Is that indeed what diodes do? Eat voltage, make it disappear? I'm realising I've seen something like this phenomenon in 'diode clamps'.
Mmm, "eat current" more likely. The voltage drop is low, so the diode causes the component in series with it to "eat the voltage". Whether it likes to or not. If that series component is a power supply's own internal resistance, the voltage might indeed be eaten by that resistance... but the current won't be very friendly. And maybe the diode will eat itself after a few milliseconds!
A series diode could be said to "eat the voltage", because it has a high voltage drop when in reverse bias.
To Hero999, re your remarks about the consequence of putting an emitter follower after the pot: in some versions of my circuit (as I say, I've been playing around), I put my input signal through a source-follower JFET, then a resistor, then a big cap, before it reaches the voltage divider.
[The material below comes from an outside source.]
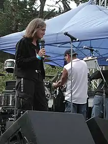 During the 2008 Republican National Convention in Saint Paul, Minnesota, several of Goodman's colleagues from Democracy Now! were arrested and detained by police while reporting on an anti-war protest outside the RNC.[25] While trying to ascertain the status of her colleagues, Goodman was also arrested and held, accused of obstructing a legal process and interfering with a police officer.[26] Fellow Democracy Now! producers, including reporter Sharif Abdel Kouddous, were held on charges of probable cause for riot.[27] The arrests of the producers were videotaped.[28] Goodman and her colleagues were later released,[29] City Attorney John Choi indicated that the charges would be dropped.[30] Goodman (et al.) filed a federal civil lawsuit against the St. Paul and Minneapolis police departments and the US Secret Service for the illegal arrests. The agencies reached a $100,000 settlement and agreed to educate officers about the First Amendment rights of members of the press and public.[31][32][33]

I suppose it might depend on the values (JFET is 2N5458, source resistor is 22k, output resistor is 10k, DC-blocking capacitor is 10µF), but would I be right in thinking this is a different scenario, and I don't run the same risks?
He was referring to this:
Where the buffer is something like an ideal voltage source (i.e., a low output resistance, and capable of sourcing way more current than the base should ever see).
An emitter follower is not a perfect buffer, but it's very close: about hFE times worse than the base should want to see.
If you add a series resistor between buffer and base, you're back to the safe, current limited condition. (You also have a higher impedance, which means you can supply actual signals to it, say by coupling in with a DC blocking capacitor.)
Again, I should emphasise that the point here is not to make the transistor operate stably with predictable gain: it's just to see what's going on. If there's a wider agenda, I'm looking into the phenomenon of extreme clipping, as a way of producing pulse waves. At this point what I want to know is, am I going to blow anything up?
Extreme clipping as applied to what sort of input? If you start with sine waves, you can very easily apply enough gain and clamping to render a square wave, which might be considered "pulse waves". The common-emitter stage is generally less helpful for that goal, because the base draws current, which leads to clipping, yes, but also a shift in the DC offset of the stage (you will see a different voltage across the DC blocking capacitor depending on whether the source is 1mV, 1V or 10V).
A good solution is to drive the emitter voltage, not with GND, but with another transistor, so that the B-E diodes worth together without upsetting your signal -- this is called a differential amplifier, for its useful properties.
Diff amp stages can be cascaded to realize very high gain in the linear range, meaning it very quickly transitions from +saturation to -saturation, such as over a single mV at the input. These are called comparators.